*** Opening of DATA SECTION ***

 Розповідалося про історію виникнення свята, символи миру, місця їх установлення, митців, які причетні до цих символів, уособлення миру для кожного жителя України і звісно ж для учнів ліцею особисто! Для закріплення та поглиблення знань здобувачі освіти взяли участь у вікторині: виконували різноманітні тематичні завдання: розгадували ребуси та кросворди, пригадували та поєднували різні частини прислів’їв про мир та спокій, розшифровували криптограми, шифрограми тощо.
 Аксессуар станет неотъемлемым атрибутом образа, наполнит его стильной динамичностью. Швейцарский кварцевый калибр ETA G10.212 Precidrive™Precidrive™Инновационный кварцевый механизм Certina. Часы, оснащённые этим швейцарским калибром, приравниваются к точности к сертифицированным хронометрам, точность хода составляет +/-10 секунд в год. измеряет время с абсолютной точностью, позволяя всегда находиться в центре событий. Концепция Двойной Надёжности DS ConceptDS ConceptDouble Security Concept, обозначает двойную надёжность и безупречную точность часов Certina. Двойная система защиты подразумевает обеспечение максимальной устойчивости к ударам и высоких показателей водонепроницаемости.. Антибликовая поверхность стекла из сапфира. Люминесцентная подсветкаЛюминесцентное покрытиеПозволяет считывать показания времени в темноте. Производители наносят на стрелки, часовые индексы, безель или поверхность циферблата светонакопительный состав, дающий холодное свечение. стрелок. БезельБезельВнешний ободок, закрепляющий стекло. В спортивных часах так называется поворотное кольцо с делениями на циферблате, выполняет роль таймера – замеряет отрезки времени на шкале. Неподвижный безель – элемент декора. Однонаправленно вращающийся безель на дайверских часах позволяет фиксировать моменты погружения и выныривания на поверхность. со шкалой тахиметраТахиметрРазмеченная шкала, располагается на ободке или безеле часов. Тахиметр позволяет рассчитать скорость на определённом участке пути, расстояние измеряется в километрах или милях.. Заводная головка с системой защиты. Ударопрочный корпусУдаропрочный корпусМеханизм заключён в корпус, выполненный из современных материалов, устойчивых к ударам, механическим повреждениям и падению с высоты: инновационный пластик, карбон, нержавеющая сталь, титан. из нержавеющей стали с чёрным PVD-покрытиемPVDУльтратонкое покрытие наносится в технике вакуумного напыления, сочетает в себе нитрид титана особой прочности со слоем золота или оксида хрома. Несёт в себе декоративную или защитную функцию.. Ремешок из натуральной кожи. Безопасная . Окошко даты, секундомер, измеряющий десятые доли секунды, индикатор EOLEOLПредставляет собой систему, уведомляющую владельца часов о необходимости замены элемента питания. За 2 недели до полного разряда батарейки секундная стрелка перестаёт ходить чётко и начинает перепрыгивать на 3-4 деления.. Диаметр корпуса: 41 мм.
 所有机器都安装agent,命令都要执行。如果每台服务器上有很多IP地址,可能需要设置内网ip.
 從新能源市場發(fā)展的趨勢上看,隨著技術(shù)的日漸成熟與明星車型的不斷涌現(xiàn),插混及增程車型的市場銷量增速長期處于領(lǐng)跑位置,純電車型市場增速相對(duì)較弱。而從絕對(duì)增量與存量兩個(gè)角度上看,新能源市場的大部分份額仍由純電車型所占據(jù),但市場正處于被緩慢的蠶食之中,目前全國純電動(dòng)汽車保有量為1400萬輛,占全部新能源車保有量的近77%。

*** Close of DATA SECTION ***
*** Opening of DATA SECTION ***

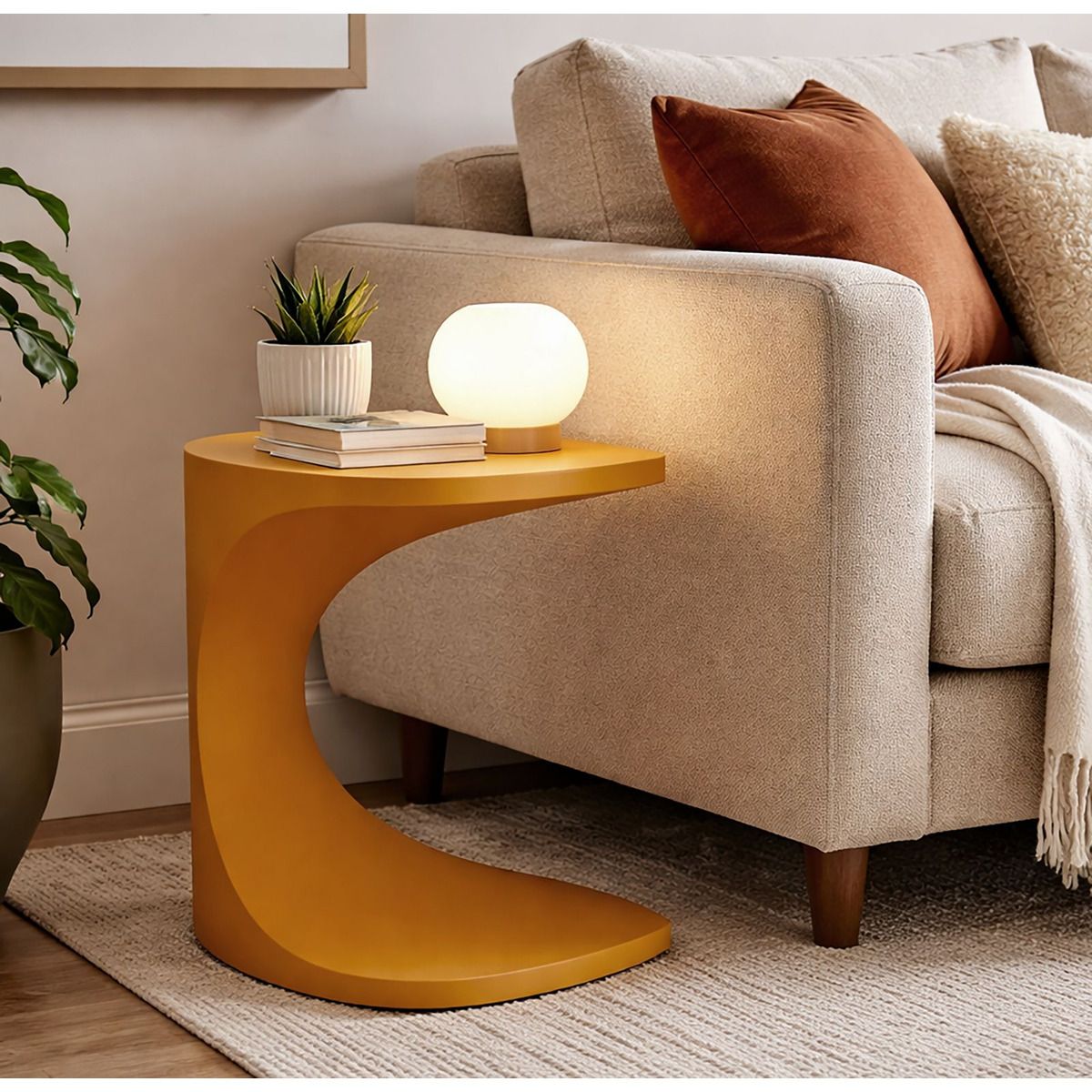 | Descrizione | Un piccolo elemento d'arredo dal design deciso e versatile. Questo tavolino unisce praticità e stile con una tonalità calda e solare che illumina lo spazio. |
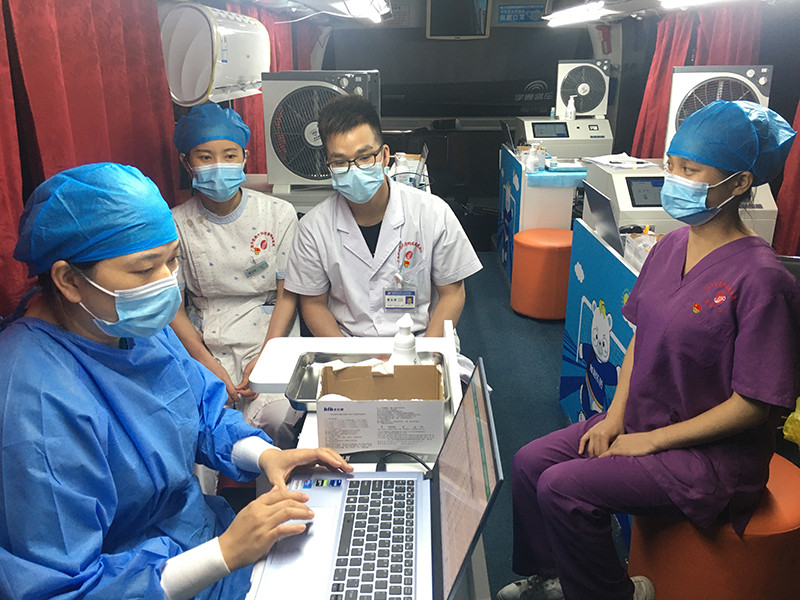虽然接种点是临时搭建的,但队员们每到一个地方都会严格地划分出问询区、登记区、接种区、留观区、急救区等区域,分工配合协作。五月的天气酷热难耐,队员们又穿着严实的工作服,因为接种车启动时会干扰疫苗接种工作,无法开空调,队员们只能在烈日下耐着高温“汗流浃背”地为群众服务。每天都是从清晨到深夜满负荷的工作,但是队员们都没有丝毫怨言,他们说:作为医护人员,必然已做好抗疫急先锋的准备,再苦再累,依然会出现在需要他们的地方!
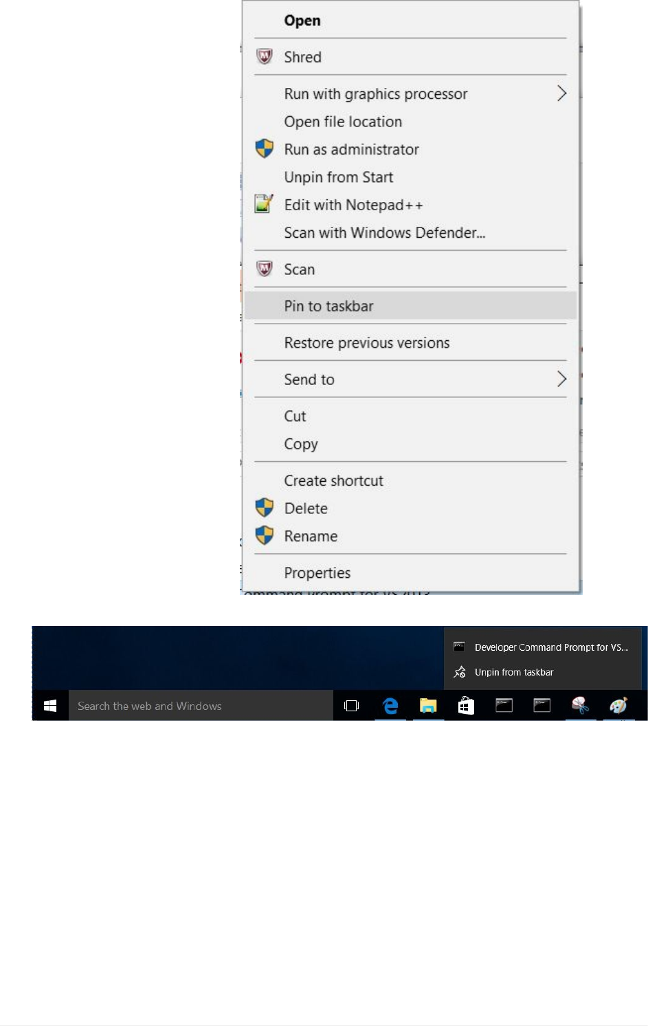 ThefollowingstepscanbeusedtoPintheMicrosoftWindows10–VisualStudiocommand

*** Close of DATA SECTION ***
*** Opening of DATA SECTION ***

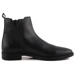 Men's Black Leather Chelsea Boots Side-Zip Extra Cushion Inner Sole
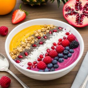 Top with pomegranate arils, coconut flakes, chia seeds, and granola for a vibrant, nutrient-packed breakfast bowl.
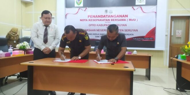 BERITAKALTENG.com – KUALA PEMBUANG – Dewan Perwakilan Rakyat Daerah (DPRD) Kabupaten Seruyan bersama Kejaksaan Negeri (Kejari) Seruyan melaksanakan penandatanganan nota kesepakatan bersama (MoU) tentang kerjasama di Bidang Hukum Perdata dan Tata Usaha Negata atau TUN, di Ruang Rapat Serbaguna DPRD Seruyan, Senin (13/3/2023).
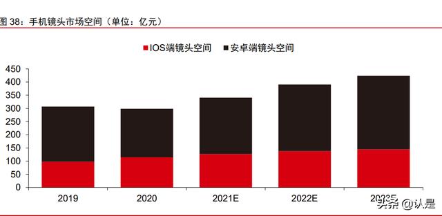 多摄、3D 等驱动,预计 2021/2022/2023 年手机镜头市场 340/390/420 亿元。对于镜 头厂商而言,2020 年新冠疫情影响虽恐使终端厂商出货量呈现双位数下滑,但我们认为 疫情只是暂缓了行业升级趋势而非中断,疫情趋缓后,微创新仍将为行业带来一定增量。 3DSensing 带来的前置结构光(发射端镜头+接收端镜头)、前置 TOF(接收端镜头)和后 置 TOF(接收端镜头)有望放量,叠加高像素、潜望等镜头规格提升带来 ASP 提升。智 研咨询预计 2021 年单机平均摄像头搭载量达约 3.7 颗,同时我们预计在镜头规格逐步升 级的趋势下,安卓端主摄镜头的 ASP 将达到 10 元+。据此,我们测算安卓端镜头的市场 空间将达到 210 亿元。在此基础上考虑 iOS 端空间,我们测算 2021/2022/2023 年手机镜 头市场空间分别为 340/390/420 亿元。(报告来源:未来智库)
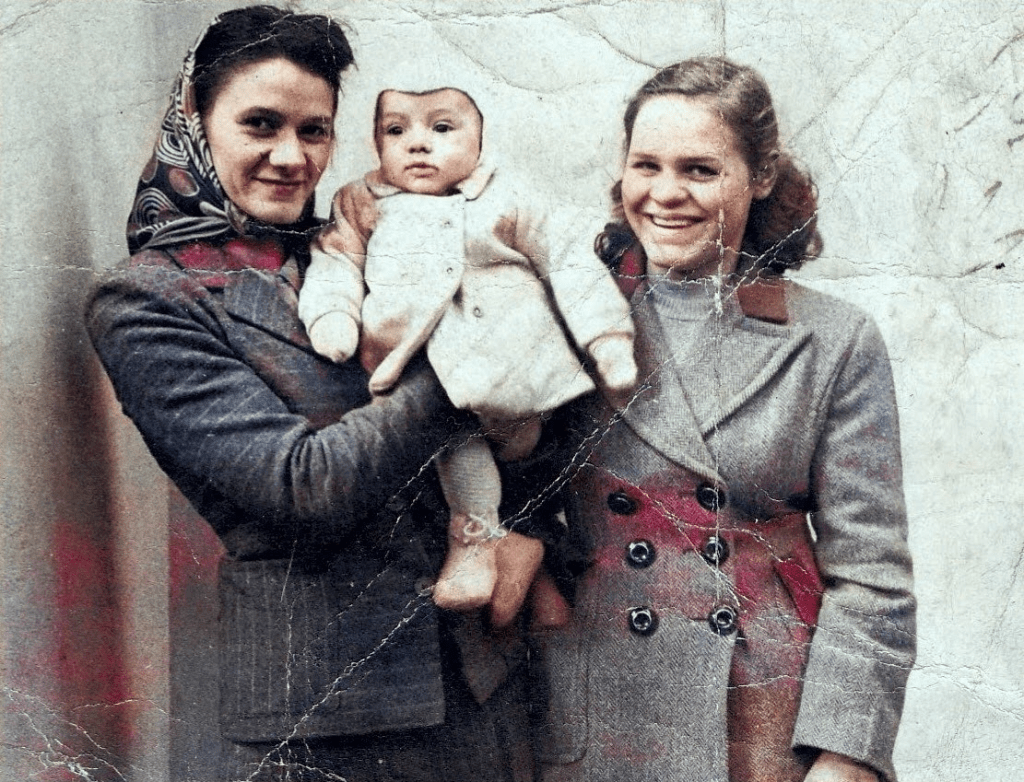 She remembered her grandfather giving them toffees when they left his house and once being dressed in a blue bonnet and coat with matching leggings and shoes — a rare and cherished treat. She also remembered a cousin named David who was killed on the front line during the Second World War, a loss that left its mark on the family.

*** Close of DATA SECTION ***

### PROBLEM DESCRIPTION
All that is wanted is the lines above between the one containing "Men's Black Leather" and the one containing "She remembered her", inclusive, restated word for word, with pictures omitted.

### ANSWER SPACE
 Men's Black Leather Chelsea Boots Side-Zip Extra Cushion Inner Sole
 Top with pomegranate arils, coconut flakes, chia seeds, and granola for a vibrant, nutrient-packed breakfast bowl.
 BERITAKALTENG.com – KUALA PEMBUANG – Dewan Perwakilan Rakyat Daerah (DPRD) Kabupaten Seruyan bersama Kejaksaan Negeri (Kejari) Seruyan melaksanakan penandatanganan nota kesepakatan bersama (MoU) tentang kerjasama di Bidang Hukum Perdata dan Tata Usaha Negata atau TUN, di Ruang Rapat Serbaguna DPRD Seruyan, Senin (13/3/2023).
 多摄、3D 等驱动,预计 2021/2022/2023 年手机镜头市场 340/390/420 亿元。对于镜 头厂商而言,2020 年新冠疫情影响虽恐使终端厂商出货量呈现双位数下滑,但我们认为 疫情只是暂缓了行业升级趋势而非中断,疫情趋缓后,微创新仍将为行业带来一定增量。 3DSensing 带来的前置结构光(发射端镜头+接收端镜头)、前置 TOF(接收端镜头)和后 置 TOF(接收端镜头)有望放量,叠加高像素、潜望等镜头规格提升带来 ASP 提升。智 研咨询预计 2021 年单机平均摄像头搭载量达约 3.7 颗,同时我们预计在镜头规格逐步升 级的趋势下,安卓端主摄镜头的 ASP 将达到 10 元+。据此,我们测算安卓端镜头的市场 空间将达到 210 亿元。在此基础上考虑 iOS 端空间,我们测算 2021/2022/2023 年手机镜 头市场空间分别为 340/390/420 亿元。(报告来源:未来智库)
 She remembered her grandfather giving them toffees when they left his house and once being dressed in a blue bonnet and coat with matching leggings and shoes — a rare and cherished treat. She also remembered a cousin named David who was killed on the front line during the Second World War, a loss that left its mark on the family.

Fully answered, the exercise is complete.